I am sorry to say that you may need drastic measures. First seek conseling. second unfortunately you may have to start treating like a child. For example tell her if she doesn’t call about being late then for every minute she is there is a strong consequance at fifteen the strongest is possibly not getting a drivers license it is harsh but sometimes it works. Don’t play into a comparison of your mother hood. You are not here friend you are her mother. She may say she hates you but as time goes on she regret those words. Also maybe the school is not helping her. My child was starting down the same direction after consuling I found that the school she was is was the problem. Since I am now homeschooling her she is more open and is challenged more. good luck and I hope things work out.

September 30, 2009 at 4:24 am
(57) Mom's challenge says:

I’m sitting here wondering where the heck is my 16 year old daughter. She does not come home when told to come home and again she went out tonight without permission. She has failed high school and has been in the mental health facility. She does not listen to me, she calls me names, totally rude, skips schools, is defiant to authorities even the police. She damaged my car and hits me when I try to discipline her. She stole over 600 dollars last week from me and I’m at my wit’s end. The police don’t want to do anything.

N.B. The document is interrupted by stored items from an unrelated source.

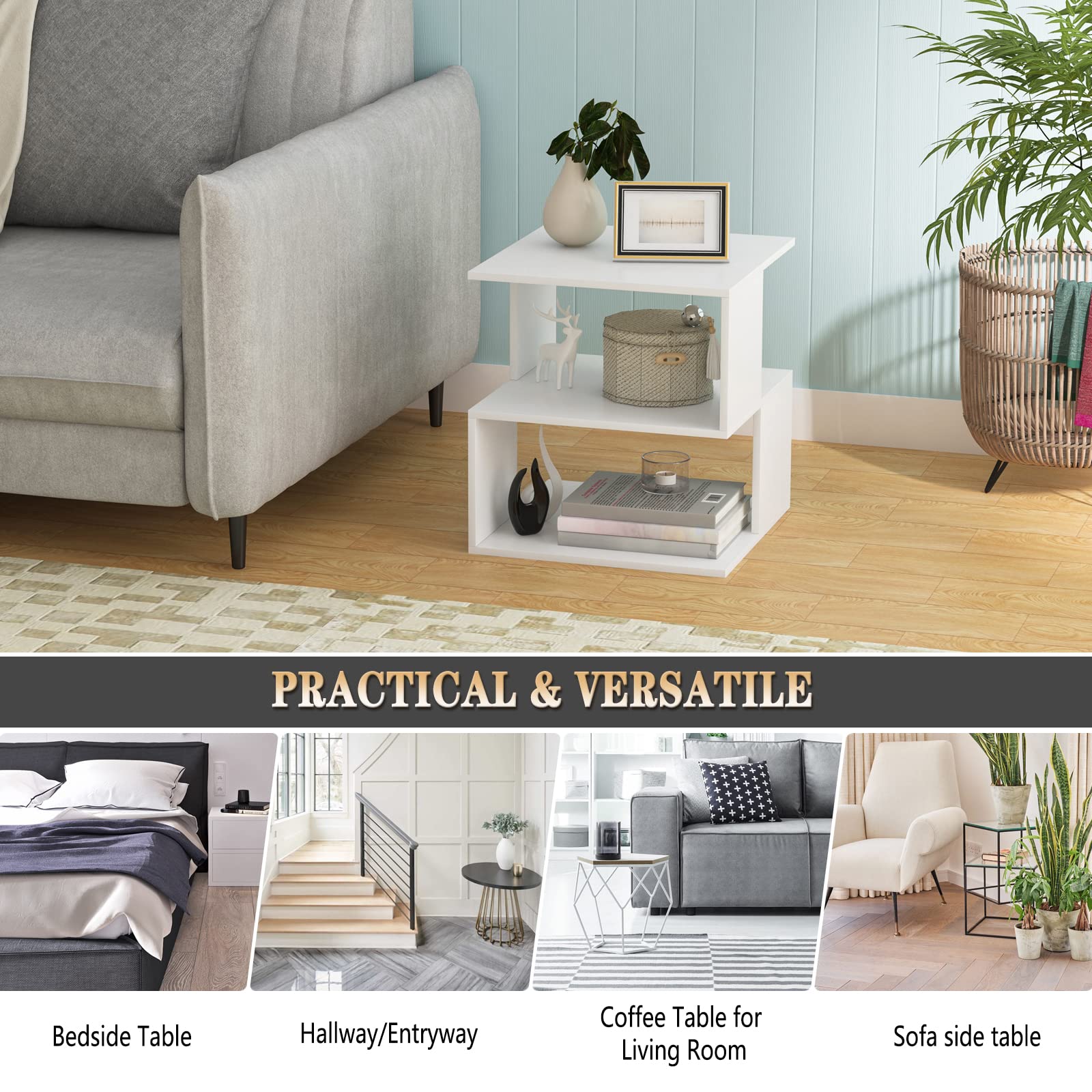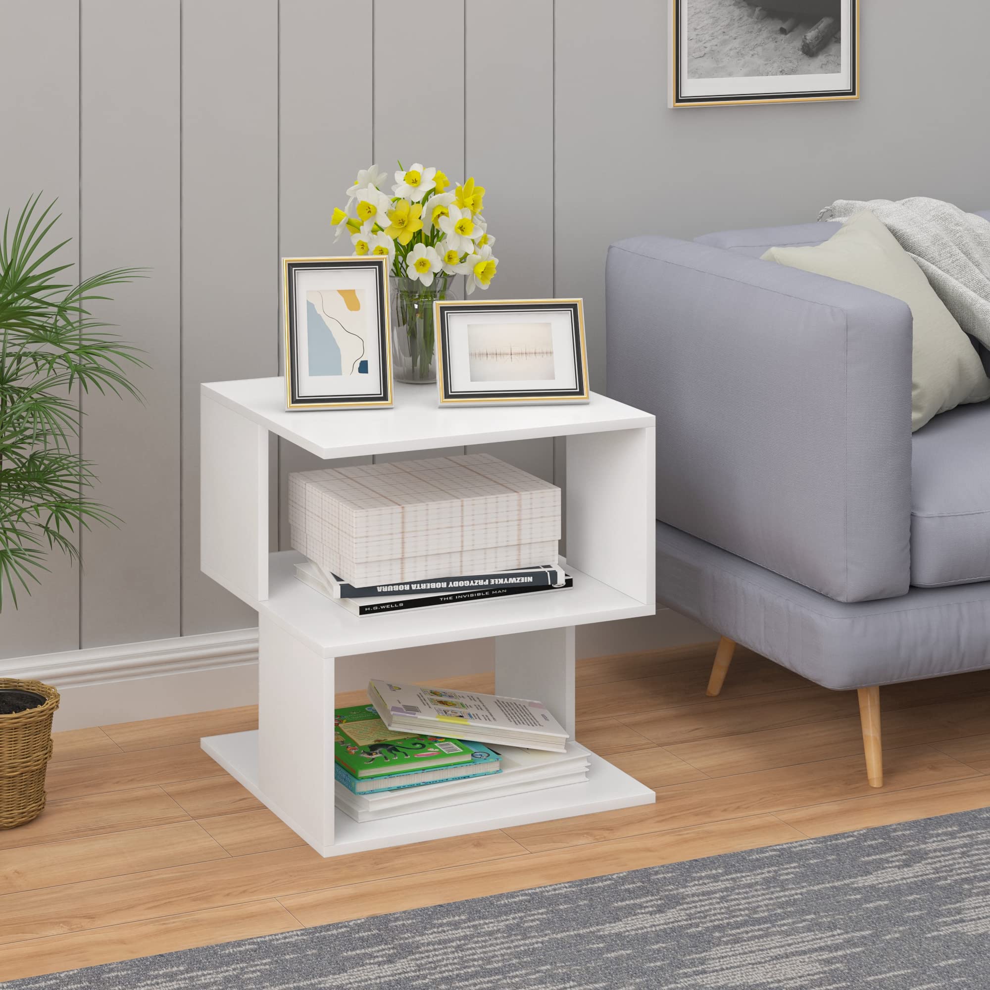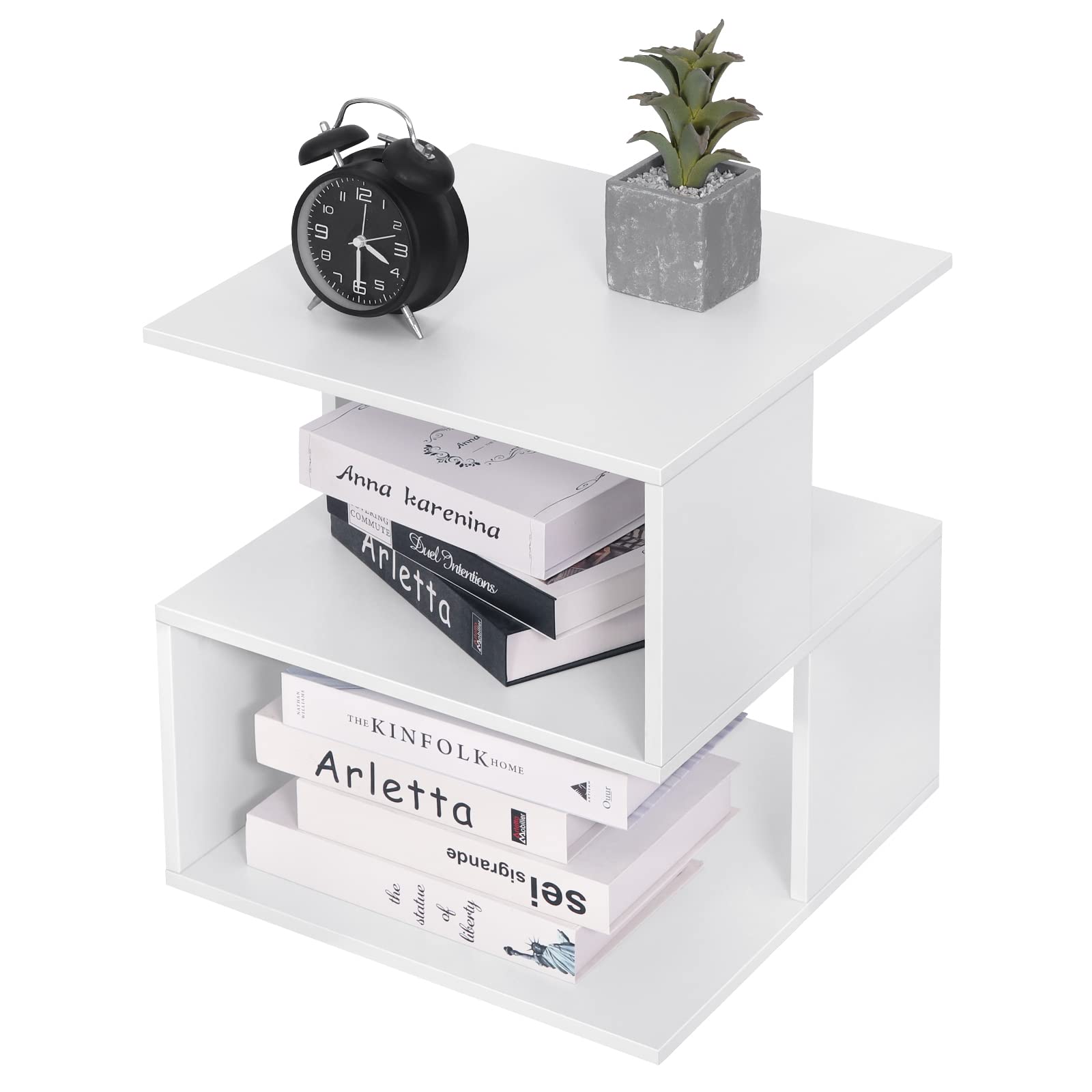 EUGAD Nachttisch Weiss, 35 x 35 x 41,5 cm, mit Zwei offenen Fächern, Nachtschrank für Schlafzimmer, Wohnzimmer oder Büro, 0166ZZ
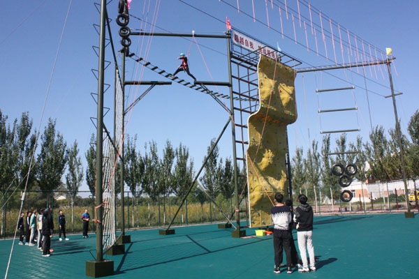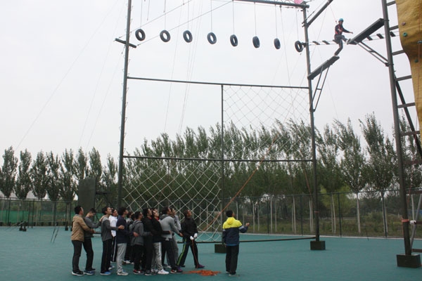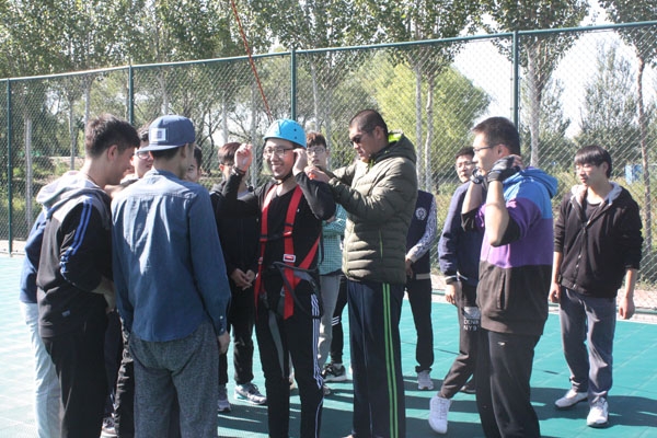 为了保证拓展训练教学的顺利开展,体育教研部利用暑假时间,选派四名教师,进行了多个拓展项目的培训工作。参训教师熟练掌握拓展训练项目的基本培训方法、技能及相关安全操作后,面向2015级学生开展了空中单杠、空中断桥、天梯滑降、信任背摔、攀岩等项目的教学。
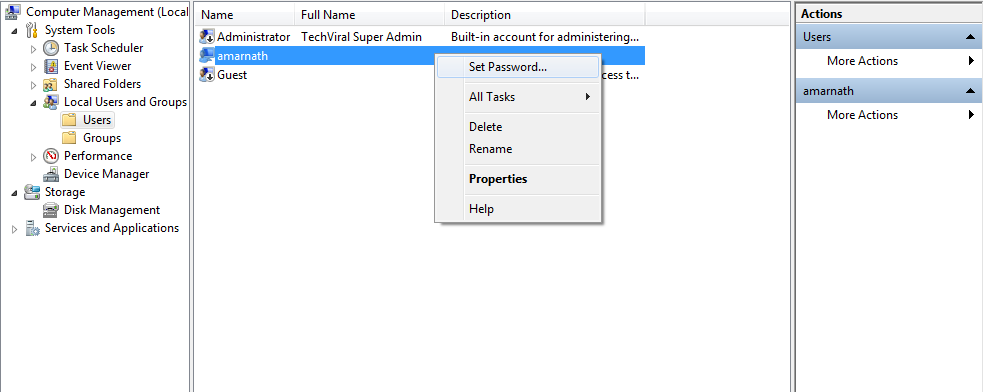 Step 7. Now navigate to Local Users and Groups, select your local account, select “Set Password,” and enter your new password there.
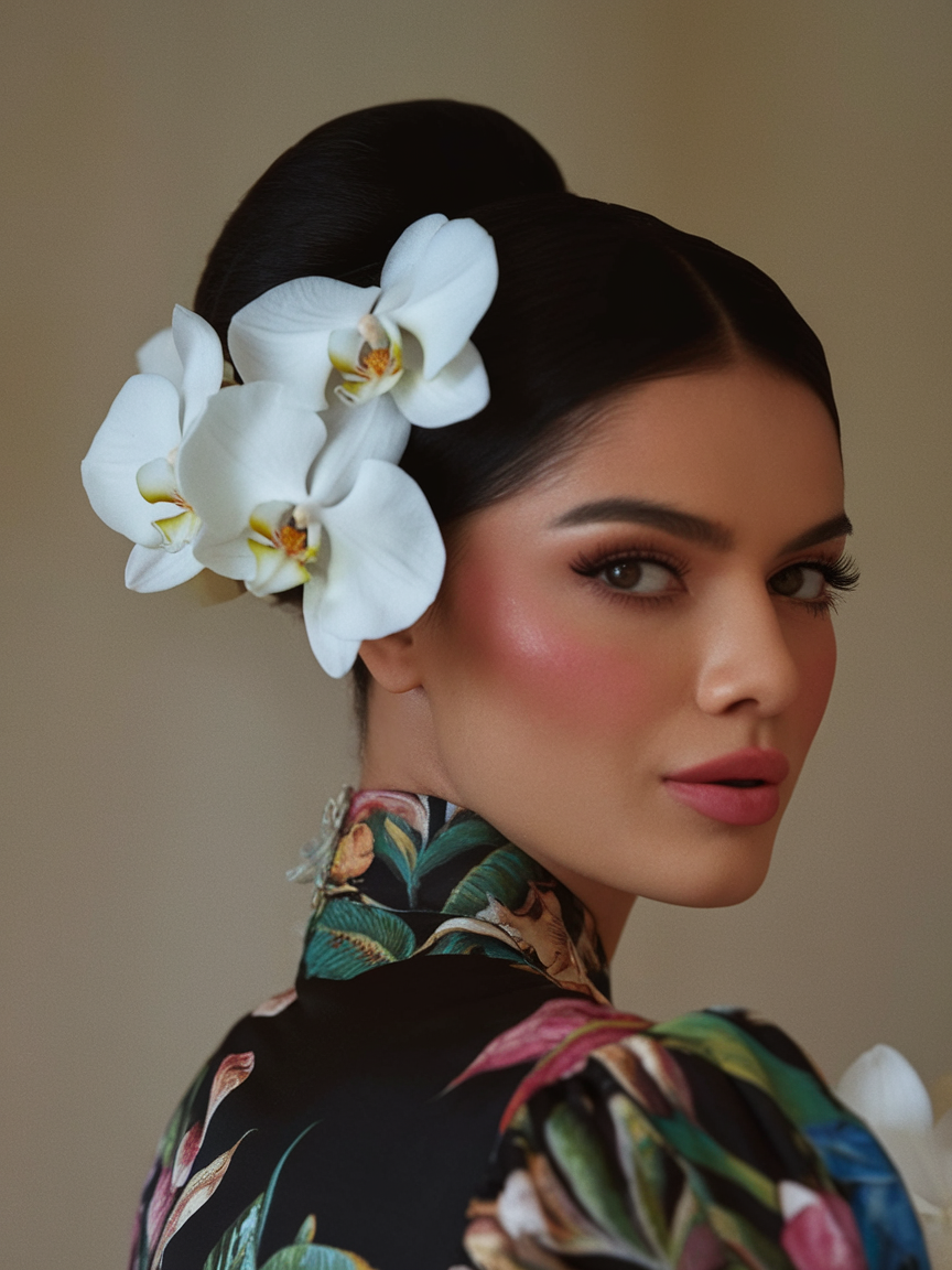 This slick back bun is a standout 2025 trends hairstyle, featuring a deep dark hair color base with a high-shine effect. The structured updo is elevated with fresh white floral accents, making it a stunning choice for special occasions. The smooth texture and sleek styling create a polished black hair look that is both elegant and aesthetic. This is a must-try for those seeking a trendy, fun, and statement-making hairstyle.
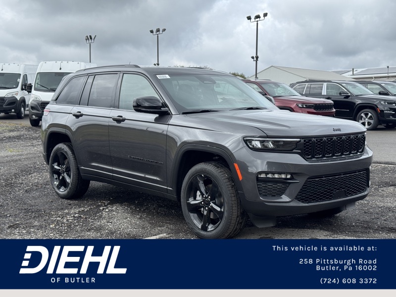 Black Appearance Package (Gloss Black Exterior Accents and Wheels: 20" x 8.5" Gloss Black Painted Aluminum), Quick Order Package 22E, 4WD, 4-Wheel Disc Brakes, 6 Speakers, ABS brakes, Active Noise Control System, Air Conditioning, Alloy wheels, AM/FM radio: SiriusXM with 360L, Anti-whiplash front head restraints, Audio memory, Auto High-beam Headlights, Automatic temperature control, Brake assist, Bumpers: body-color, Capri Leatherette Seats, Compass, Delay-off headlights, Driver door bin, Driver vanity mirror, Dual front impact airbags, Dual front side impact airbags, Dual-Pane Panoramic Sunroof, Electronic Stability Control, Emergency communication system, Four wheel independent suspension, Front anti-roll bar, Front Bucket Seats, Front Center Armrest w/Storage, Front dual zone A/C, Front fog lights, Front reading lights, Fully automatic headlights, Garage door transmitter, Heated door mirrors, Heated front seats, Heated rear seats, Heated steering wheel, Illuminated entry, Knee airbag, Low tire pressure warning, Memory seat, Model Year Tracking, Navigation System, Normal Duty Suspension, Occupant sensing airbag, Outside temperature display, Overhead airbag, Overhead console, Panic alarm, ParkView Rear Back-Up Camera, Passenger door bin, Passenger vanity mirror, Power door mirrors, Power driver seat, Power Liftgate, Power passenger seat, Power steering, Power windows, Radio data system, Radio: Uconnect 5 Nav w/10.1" Display, Rear anti-roll bar, Rear reading lights, Rear window defroster, Rear window wiper, Remote keyless entry, Security system, Speed control, Speed-Sensitive Wipers, Split folding rear seat, Spoiler, Steering wheel mounted audio controls, Tachometer, Telescoping steering wheel, Tilt steering wheel, Traction control, Trip computer, Turn signal indicator mirrors, Variably intermittent wipers, Voltmeter, and Wheels: 18" x 8" Polished/Painted Aluminum. 4WD. Recent Arrival! Baltic Gray Metallic Clearcoat 2025 Jeep Grand Cherokee Limited 4WD 8-Speed Automatic 3.6L V6 24V VVT19/26 City/Highway MPGType your sentence here. Price includes: $1000 - 2025 National Grand Cherokee Loyalty Retail Bonus Cash . Exp. 09/30/2025 $2000 - 2025 National SFS Lease Loyalty Bonus Cash. Exp. 09/30/2025 $2250 - 2025 National Retail Bonus Cash . Exp. 09/30/2025
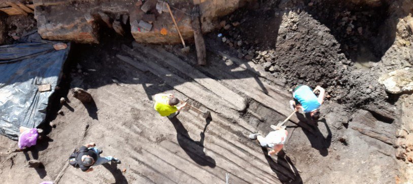 Între aceste două locuințe, arheologii au identificat și o stradelă de lemn, foarte bine conservată, orientată pe direcție NV-SE. Podelele stradelei erau așezate pe trei rânduri de grinzi, iar între grinzi existau două rânduri de stâlpi pentru susținerea stradelei. Între grinzi, sub stradelă, ca umplutură s-a folosit un strat gros de nisip și pietriș, pentru drenarea apei.
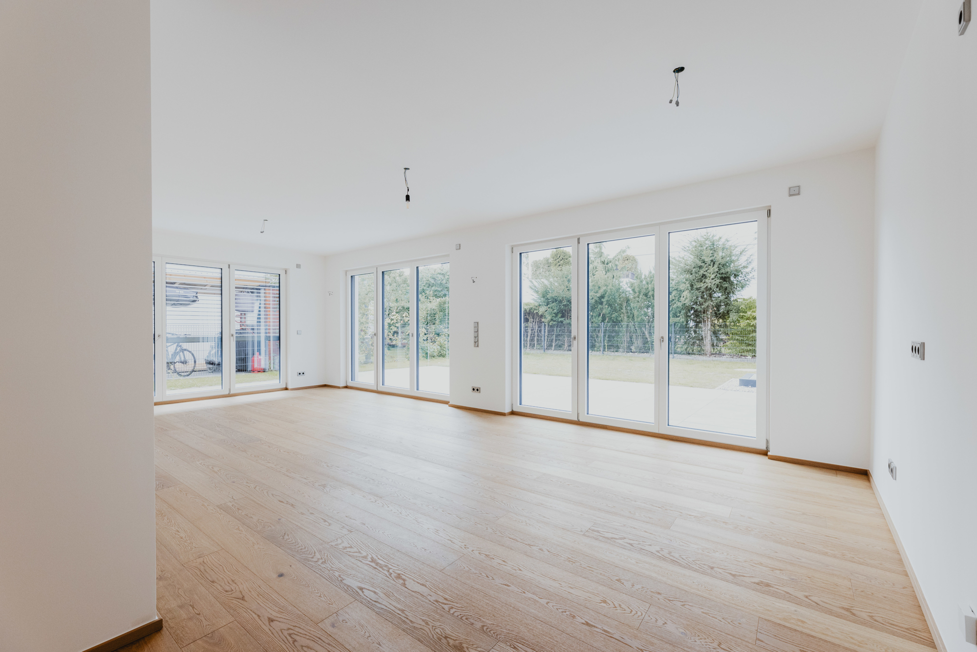 Bereits beim Betreten beeindruckt die großzügige Raumwirkung mit Deckenhöhen von über 2,7 Metern, Türen mit über 2,2 Metern Höhe und einem offenen Wohnkonzept. Bodentiefe XXL Holz-Alu-Fenster durchfluten die Räume mit Licht und sind mit elektrisch steuerbaren Außenlamellen ausgestattet.
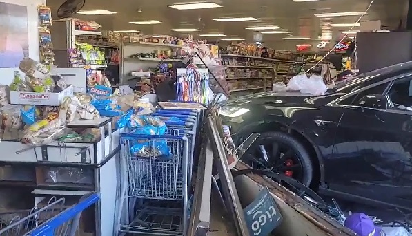 치노에서 테슬라 차량이 상점 유리창을 뚫고 돌진하는 사고가 발생했습니다.
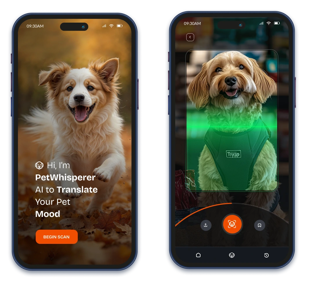 AI-powered facial recognition to interpret pet moods, primarily focusing on dogs. The app scans the dog’s face in real-time and translates its emotional state into friendly, shareable text for pet owners. This project aims to deepen the bond between pets and their owners by offering playful and empathetic communication.
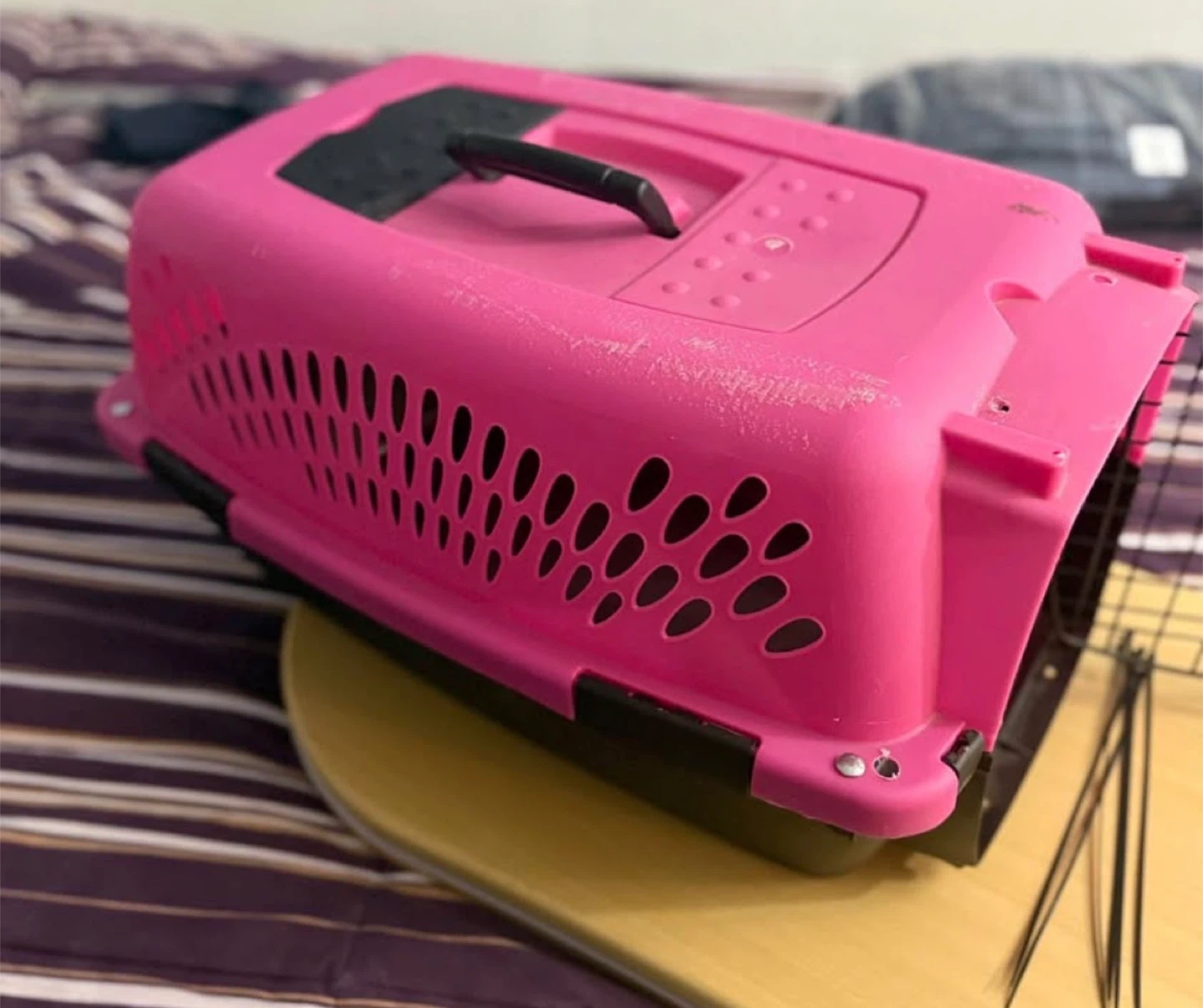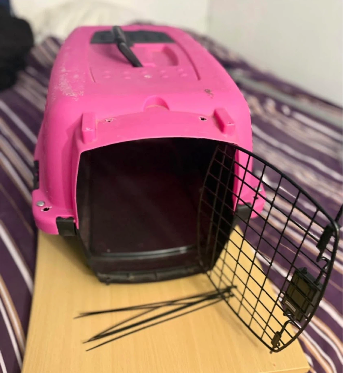 This is a pre-owned pink pet carrier with a black wire door. It features ventilation on the sides and a top handle for easy carrying. It's suitable for small to medium-sized pets. Airplane approved. Come with 6 zip ties to complete package

October 8, 2009 at 11:22 am
(58) jessica says:

my son is 13 hes giving me grief hes in trouble with the police hes on bail has 3 charges of theft against himwe wave social workers councilors pshiciatrists youth justice team and the school he wont stay in school he climbs out the window hes out all hrs of the night i have 4 younger girls that see what he does he lies steals hes defiant and he wont listern or talk to anyone im going out of my mind trying to find answers he also smokes canabis i cant do no more for him

October 21, 2009 at 2:27 am
(59) Lisa says:

I have an OUT-OF-CONTROL 16 YEAR OLD THAT I AM A CARETAKER FOR. SHE IS MY SISTER. OUR MOM PASSED AWAY AND HER DAD IS, LIKE, MENTALLY DISTURBED AND NOT IN PICTURE. SHE SMOKES POT, SMOKES CRACK, HAS PEOPLE LIVING IN OUR HOUSE. SHE IS DISREPECTFUL, HER FRIENDS ARE DISREPECTFUL, SHE SLEEPS IN UNTIL
3 P.M. AND SKIPS SCHOOL. SHE IS PHYSICALLY BIGGER THAN ME, AND I’M 35. SHE HOUNDS ME FOR MONEY DAILY, WHICH I CAVE IN BECAUSE I’M SO TIRED OF FIGHTING. I FIND CRACK PIPES WITH METH INSIDE ALL OVER THE HOUSE. MY NEIGHBORS ARE COMPLAINING THAT THEY FIND METH PIPES. HER FRIENDS NEVER LEAVE, SO THEN I HAVE TO CALL THE COPS. I REALLY HATE THIS LIFE. IT IS REALLY UNBEARABLE LIVING WITH AN OUT OF CONTROL TEEN. SHE HAS NO RESPECT FOR ANYBODY. I REALLY DO A LOT OF HER EVERY DAY. I WORK, PROVIDE FOOD, EVERYTHING. THIS IS AFFECTING MY WORK AS I CANNOT EVEN CONCETRATE AT HOME KNOWING THAT SHE IS GOING TO BE COMING DOWN FROM A METH BINGE AND START ATTACKING ME FOR MONEY. THE POLICE HAVE BEEN INVOLVED. I AM AT MY WITTS END. THIS IS JUST ME VENTING.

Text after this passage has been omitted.